# Bar Stool Economics



## UncleJoe (Jan 11, 2009)

*Bar Stool Economics: A Simple Guide to the American System of Taxation and Distribution*

Suppose that every day, ten men go out for a beer and the bill for all ten comes to $100.

If they paid their bill the way we pay our taxes, it would go something like this:

The first four men (the poorest) would pay nothing.

The fifth would pay $1.00

The sixth would pay $3.00

The seventh would pay $7.00

The eighth would pay $12.00

The ninth would pay $18.00

The tenth man (the richest) would pay $59.00

So that's what they decided to do. The men drank in the bar every day and seemed quite happy with arraignment, until one day, the owner threw them a curve.

"Since you are all such good customers, he said, I'm going to reduce the cost of your daily beer by $20.00.
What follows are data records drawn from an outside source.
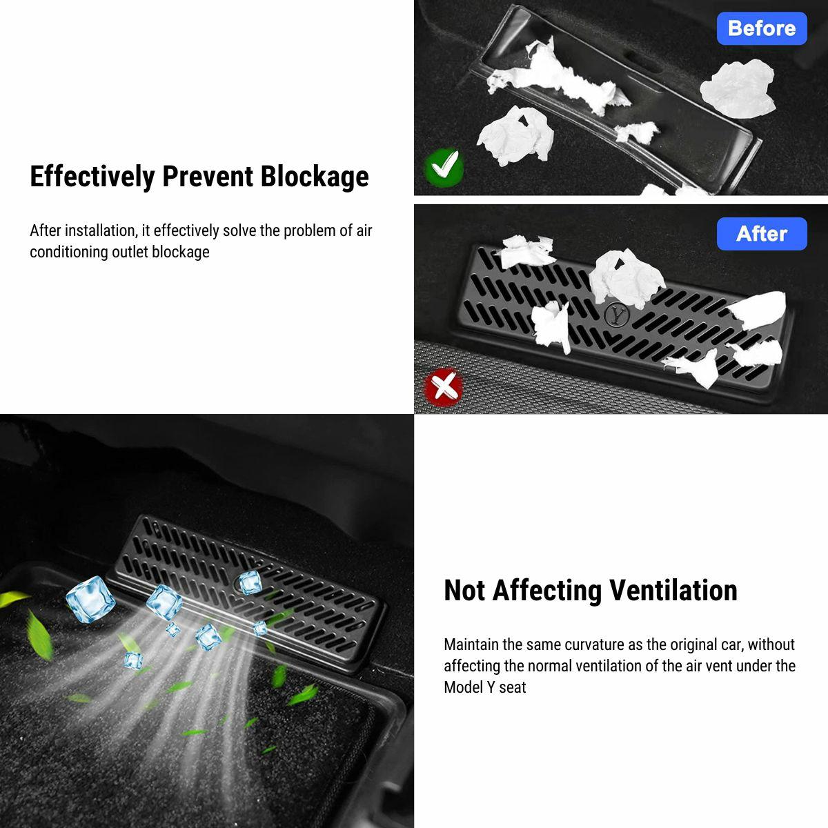 A2 - Yes. In daily life, dust, paper scraps, snack bags, etc. are easily dropped under the seat. The original air outlet lacks protection, and if the air outlet is blocked by foreign objects, it is easy to cause damage to the fan motor, making maintenance very troublesome. Installing the Tesla Model Y vent cover can effectively avoid the above issues.
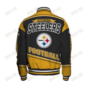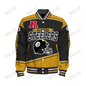 Hi there!! Are you looking at our Pittsburgh Steelers jacket. These jackets are unique, made with love, and they are perfect accessories for your outfit. The Pittsburgh Steelers Emblem on the jackets makes it a perfect item for any Pittsburgh Steelers Lovers.
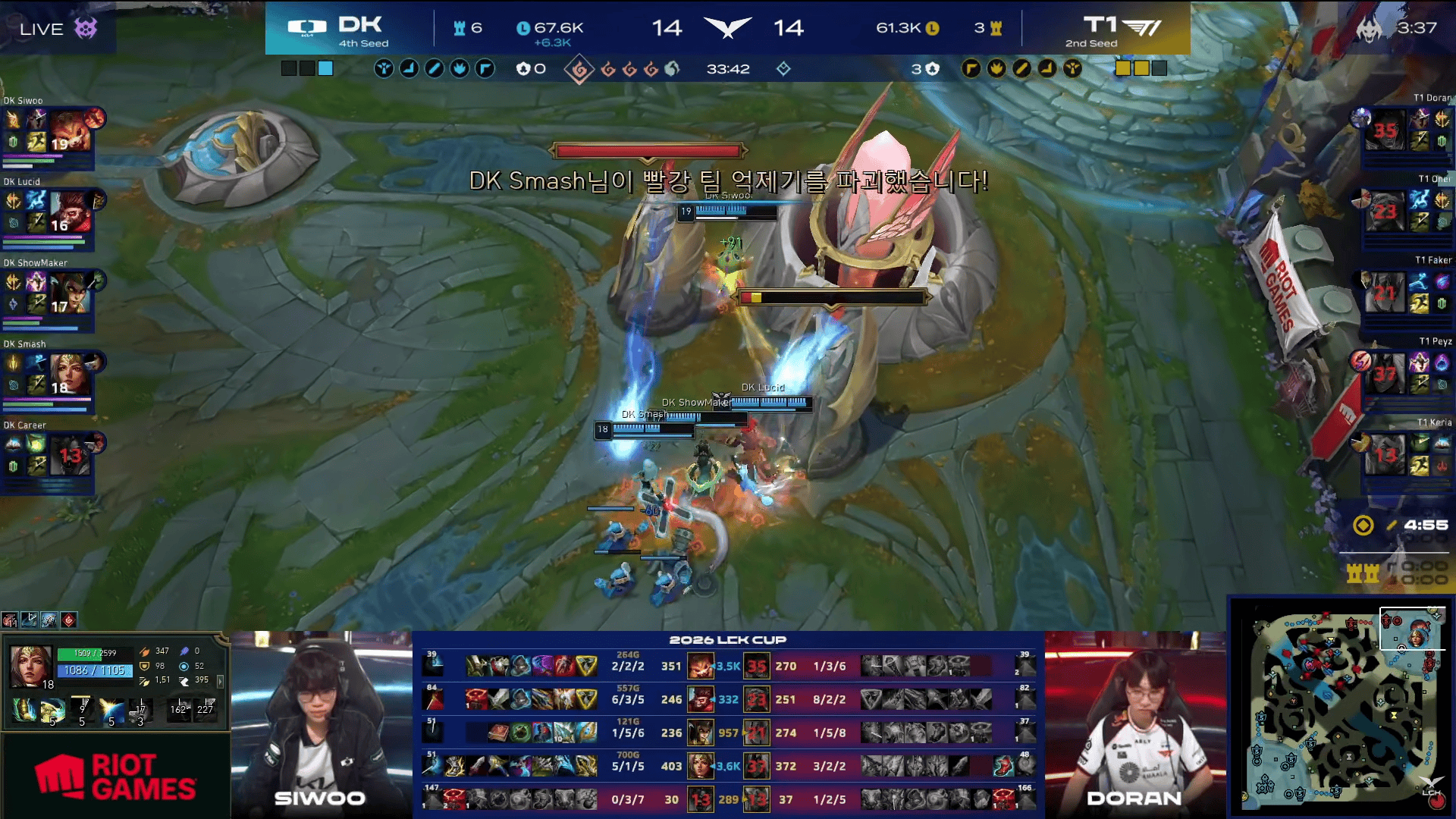 比赛前期,Oner亚恒打出5/0/1的战绩帮助T1打出7-1的开局。但此后DK不断扳回局势。T1

"Drinks for the ten men now cost just $80.00

The group still wanted to pay their bill the way we pay our taxes so the first four men were unaffected. They would still drink for free. But what about the other six men - the paying customers? How could they divide the $ 20 windfall so that everyone would get there "fair share?" They realized that $ 20.00 divided by six is $3.33. But if they subtracted that from everybody's share, then the fifth man and the sixth man would each end up being paid to drink his beer. So, the bar owner suggested that it would be fair to reduce each man's bill by roughly the same amount, and he proceeded to work out the amounts each should pay!

And so:

The fifth man like the first four, now paid nothing ( 100% savings).

The sixth now paid $2 instead of $3 (33% savings).

The seventh now pay $5 instead of $7 (28% savings).

The eighth now paid $9 instead of 12 (25% savings).

The ninth now paid 14 instead of 18 (22% savings).

The tenth now paid $49 instead of $59 (16% savings).

Each of the six was better off than before! And the first four continued to drink for free. But once outside the restaurant, the men began to compare their savings.

"I only got a dollar out of the $20" declared the sixth man. He pointed to the tenth man, "but he got $10!"

"Yeah, that's right, shouted the seventh man. "why should he get $10 back when I got only two? The wealthy get all the breaks!"

"Wait a minute," yelled the first four men in union. " We didn't I get anything at all. The system exploits the poor!"

The nine men surrounded the tenth and beat him up.

The next night the tenth man didn't show up for drinks, so the nine sat down and had beers without him. But when it came time to pay the bill, they discovered something important. They didn't have enough money between all of them for even half of the bill!

And that, boys and girls, journalist and college professors, is how our tax system works. The people who pay the highest taxes get the most benefit from a tax reduction. Tax them too much, attack them for being wealthy, and they just may not show up anymore. In fact, they might start drinking overseas where the atmosphere is somewhat friendlier.

For those who understand, no explanation is needed.

For those who do not understand, no explanation is possible.

http://www.shtfplan.com/headline-ne...-system-of-taxation-and-distribution_07252012


----------



## *Andi (Nov 8, 2009)

No matter how many times I see this ... it still rings true.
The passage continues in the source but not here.